◆ Work instruction:
Since only part of the material below is wanted, output exactly the lines from the one with "Both rooms are" up to and including the one with "Aus diesen Werten".

◆ Input material:
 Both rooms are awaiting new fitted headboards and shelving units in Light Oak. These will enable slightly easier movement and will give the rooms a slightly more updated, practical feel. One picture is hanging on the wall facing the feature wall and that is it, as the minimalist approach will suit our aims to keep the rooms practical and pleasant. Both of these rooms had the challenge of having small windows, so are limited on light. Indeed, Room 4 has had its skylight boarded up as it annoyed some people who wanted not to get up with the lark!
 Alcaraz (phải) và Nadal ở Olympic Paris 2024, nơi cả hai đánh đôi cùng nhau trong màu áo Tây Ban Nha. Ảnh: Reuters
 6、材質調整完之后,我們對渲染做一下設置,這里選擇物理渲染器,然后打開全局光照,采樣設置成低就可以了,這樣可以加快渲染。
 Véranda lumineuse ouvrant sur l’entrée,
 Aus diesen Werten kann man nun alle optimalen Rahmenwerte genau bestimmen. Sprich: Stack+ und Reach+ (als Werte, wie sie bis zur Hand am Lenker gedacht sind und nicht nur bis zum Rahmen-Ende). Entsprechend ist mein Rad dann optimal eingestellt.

==

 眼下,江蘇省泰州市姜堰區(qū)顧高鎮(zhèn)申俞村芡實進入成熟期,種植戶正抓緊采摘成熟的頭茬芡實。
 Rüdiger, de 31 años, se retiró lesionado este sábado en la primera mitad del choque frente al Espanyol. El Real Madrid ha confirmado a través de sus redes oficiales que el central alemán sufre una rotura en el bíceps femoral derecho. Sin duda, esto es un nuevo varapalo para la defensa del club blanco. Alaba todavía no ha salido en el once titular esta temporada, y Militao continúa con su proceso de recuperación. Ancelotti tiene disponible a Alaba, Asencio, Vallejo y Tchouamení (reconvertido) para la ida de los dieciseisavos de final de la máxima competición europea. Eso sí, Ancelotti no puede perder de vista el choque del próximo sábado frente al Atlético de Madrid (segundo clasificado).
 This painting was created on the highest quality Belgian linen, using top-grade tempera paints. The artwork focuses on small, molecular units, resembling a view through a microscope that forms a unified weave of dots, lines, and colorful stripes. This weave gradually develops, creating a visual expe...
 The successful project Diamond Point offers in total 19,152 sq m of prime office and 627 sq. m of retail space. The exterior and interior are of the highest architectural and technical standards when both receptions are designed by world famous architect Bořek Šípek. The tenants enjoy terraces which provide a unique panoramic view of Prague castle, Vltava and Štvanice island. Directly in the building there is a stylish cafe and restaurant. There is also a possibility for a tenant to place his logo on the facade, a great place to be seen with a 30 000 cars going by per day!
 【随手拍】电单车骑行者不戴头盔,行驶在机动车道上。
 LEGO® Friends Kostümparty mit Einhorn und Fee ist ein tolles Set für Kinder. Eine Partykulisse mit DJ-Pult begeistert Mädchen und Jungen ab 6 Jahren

* * *

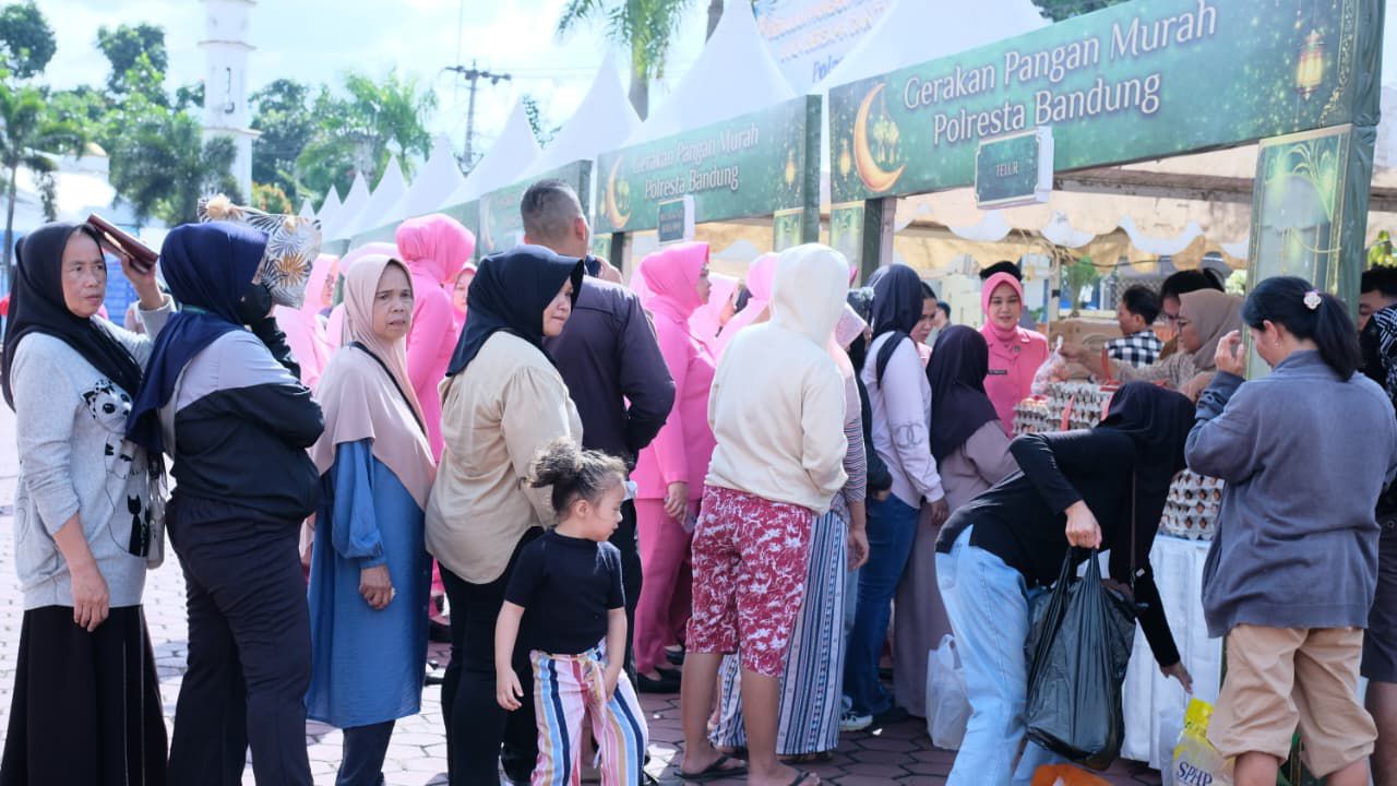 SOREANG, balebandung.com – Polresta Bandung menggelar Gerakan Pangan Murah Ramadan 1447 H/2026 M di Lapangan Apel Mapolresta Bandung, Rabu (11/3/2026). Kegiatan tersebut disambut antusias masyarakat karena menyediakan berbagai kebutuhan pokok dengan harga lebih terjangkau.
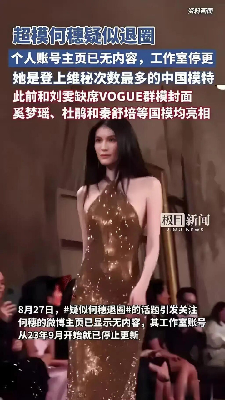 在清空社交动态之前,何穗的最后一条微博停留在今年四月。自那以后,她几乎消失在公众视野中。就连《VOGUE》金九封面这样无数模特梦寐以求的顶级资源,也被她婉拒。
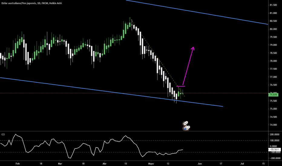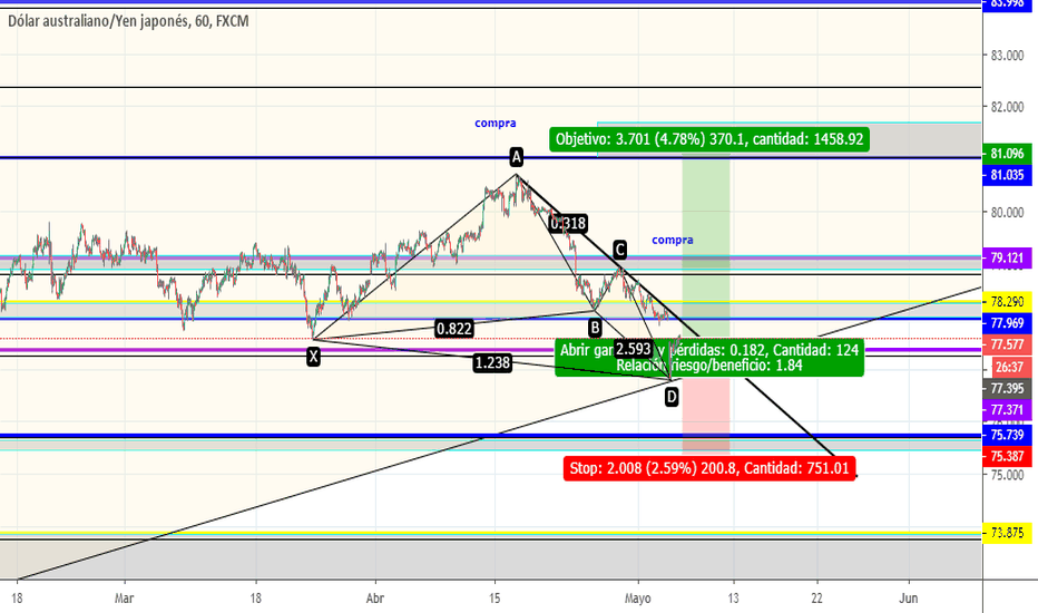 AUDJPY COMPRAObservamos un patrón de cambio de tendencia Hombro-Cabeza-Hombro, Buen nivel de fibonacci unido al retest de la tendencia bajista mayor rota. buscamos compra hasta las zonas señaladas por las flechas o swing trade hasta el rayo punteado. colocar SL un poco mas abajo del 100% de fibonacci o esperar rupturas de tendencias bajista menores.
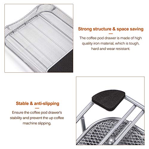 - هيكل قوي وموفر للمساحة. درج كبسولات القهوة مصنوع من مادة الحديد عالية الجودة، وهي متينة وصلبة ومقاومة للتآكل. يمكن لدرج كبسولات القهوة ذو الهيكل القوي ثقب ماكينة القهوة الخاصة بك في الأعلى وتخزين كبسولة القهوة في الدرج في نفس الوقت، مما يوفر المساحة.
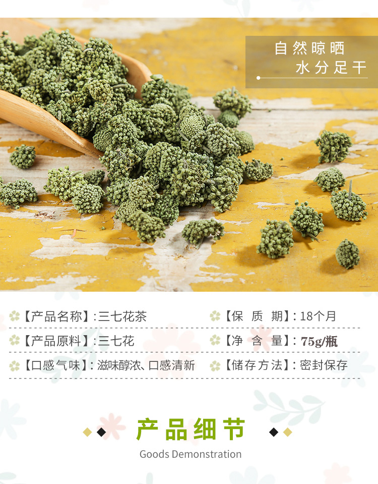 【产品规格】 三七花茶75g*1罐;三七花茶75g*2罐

◆ Answer box:
 Both rooms are awaiting new fitted headboards and shelving units in Light Oak. These will enable slightly easier movement and will give the rooms a slightly more updated, practical feel. One picture is hanging on the wall facing the feature wall and that is it, as the minimalist approach will suit our aims to keep the rooms practical and pleasant. Both of these rooms had the challenge of having small windows, so are limited on light. Indeed, Room 4 has had its skylight boarded up as it annoyed some people who wanted not to get up with the lark!
 Alcaraz (phải) và Nadal ở Olympic Paris 2024, nơi cả hai đánh đôi cùng nhau trong màu áo Tây Ban Nha. Ảnh: Reuters
 6、材質調整完之后,我們對渲染做一下設置,這里選擇物理渲染器,然后打開全局光照,采樣設置成低就可以了,這樣可以加快渲染。
 Véranda lumineuse ouvrant sur l’entrée,
 Aus diesen Werten kann man nun alle optimalen Rahmenwerte genau bestimmen. Sprich: Stack+ und Reach+ (als Werte, wie sie bis zur Hand am Lenker gedacht sind und nicht nur bis zum Rahmen-Ende). Entsprechend ist mein Rad dann optimal eingestellt.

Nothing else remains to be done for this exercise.